There are few mortals Destruction singles out as objects of pity, or as objects of admiration, but this angry, unhappy little man is one for whom Destruction feels both. How can he help but pity the mortal when he knows — knows only too well — that the thing the mortal most wishes to destroy is himself?
V.
She is beautiful, and that is why she belongs to Desire. She knows, as far too few do, that desire kills far more effectively as a blade.
And she is a killer. But the name she chose for herself reveals so very much about her nature. She is one who builds her web to lure her prey. She lures them with her body and with the feigned vulnerability of a snake who pretends to be dead until its enemy is within striking distance. Then she injects her poison and lets their desire rot them from the inside out.
How could she ever belong to anyone else?
She holds her own desire at bay, afraid of it as only one who knows Desire’s power can be. But Desire is woven through every living thing, and she knows — she must know — that she cannot evade her fate forever. She will come to Desire eventually, like metal drawn by a lodestone, and then she will suffer the same fate she has dealt to so many others. She will one day know for herself what it is to desire.
Watching her succumb will be sweet. She will fight it, beautiful murderer that she is. But she will come to him in time.
They all do.
VI.
Despair finds him when he is young. The first time he weeps alone in the dark, she watches and carves open her cheek in solidarity. Every time his father lays another mark on his soul, she opens a new wound on her body. When his parents die and all hope of reconciliation is forever destroyed, he drinks himself to sleep and Despair pulls out her intestines in handfuls.
Once, he almost strays into her sister’s realm, but the electric shock that brings him back is almost an agony in her own flesh, and Despair wishes for a moment that she could feel it as he could, the molten rock in his chest, the pulse of anguish the comes every time the men lay hands on him. It only worsens when the old man dies for him, and she watches avidly from inside her hall.

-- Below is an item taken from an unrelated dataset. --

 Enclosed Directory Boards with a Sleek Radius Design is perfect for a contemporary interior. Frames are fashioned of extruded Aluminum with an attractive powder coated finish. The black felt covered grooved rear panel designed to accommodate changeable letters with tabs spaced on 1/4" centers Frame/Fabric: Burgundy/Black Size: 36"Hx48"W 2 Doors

She doesn’t cling to these mortals as some of her siblings do. It does not matter what they do. It all comes to the same end. Like this one, so many of them chase their end desperately. But Despair knows her sister cannot be courted so easily. She will come in time. But for now, he is hers.

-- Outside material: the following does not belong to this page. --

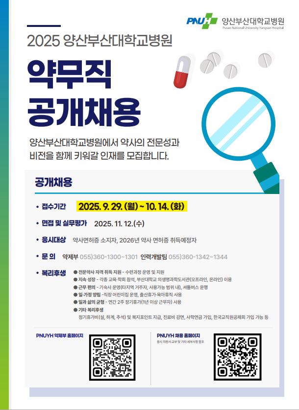 2025년 양산부산대병원 약무직 채용공고( ~ 10. 14 마감)

Despair watches. And Despair bleeds.
VII.
He’s always been hers, long before he fell into the void.
She followed him when he slipped through the cracks between worlds, the raw open spaces where there was nothing but emptiness . He always knew she was there, and sometimes she jostled against his side, pressing in so that he carried her mark even when he drifted back into the physical realm.
She thinks that maybe she loves him a little, as much as she can love anybody. His mind is such a delicious jumble of structure and chaos, passionate purpose and gaping emptiness.
When he falls into her realm, she keeps him there for a while, crooning to him and whispering secrets. Then she lets him slip through her fingers and sends him to her enemies, the war-makers who wear a thousand faces, those strange creature who tear apart worlds but have no love for chaos.
He doesn’t remember the time he spent with her, or the things she told him. None of them ever remember. But he carries her words with him, and she knows that someday soon, he will come back to her, and this time she won’t have to let him go.